Kenijczycy boją się o swoje pieniądze

Wszyscy klienci banków w Kenii nie mogą już spać spokojnie. Nowa fala kradzieży gotówki z bankomatów przetacza się przez kraj prowadząc do dużych strat. Proceder zakrojony jest na tak dużą skalę, że  policja i banki wydają się bezradnie szukać rozwiązania.

Gazeta Saturday Nation donosi, że liczba zgłoszeń na policji i w oddziałach banków rośnie z każdym dniem.

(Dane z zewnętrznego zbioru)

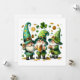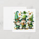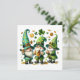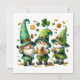 This cheerful holiday card captures the lively spirit of St. Patrick's Day with three jolly gnome-like characters, each dressed in festive green attire. They wear tall, pointed hats decorated with shamrocks and other playful elements. The gnome on the left and the gnome in the middle both hold frothy mugs of beer, while the gnome on the right claps joyfully. Scattered around them are classic St. Patrick's Day symbols, such as shamrocks, gold coins, and a large three-leaf clover at the top centre. The white background enhances the vibrant green colours and festive elements, making this card a delightful choice for spreading St. Patrick's Day cheer. 🍀

Kilka dni temu dwóch Bułgarów, Ivan Petkov i Milko Kostadinov, zostało aresztowanych i oskarżonych o kradzież pieniędzy z bankomatów. Znaleziono przy nich 44 karty bankomatowe i ponad 22 000 dolarów (około 2 miliony szylingów kenijskich). W toku śledztwa okazało się, że pieniądze zostały skradzione z kont klientów banku w Meru. W zeszłym tygodniu wielu klientów tego banku zgłosiło kradzież środków ze swoich kont.

 

źródło: http://www.flickr.com/photos/redspotted

Jednym z nich jest biznesmen Timothy Murega, który dowiedział się o tym procederze poprzez wiadomość sms, którą dostał jako potwierdzenie operacji bankowej 11. listopada. Wiadomość tekstowa wskazywała, że właściciel konta dokonał właśnie wypłaty gotówki w kwocie 10 000 szylingów kenijskich  w jednym z bankomatów w Mombasie. Murega nie był jednak tego dnia nawet w okolicach Mombasy.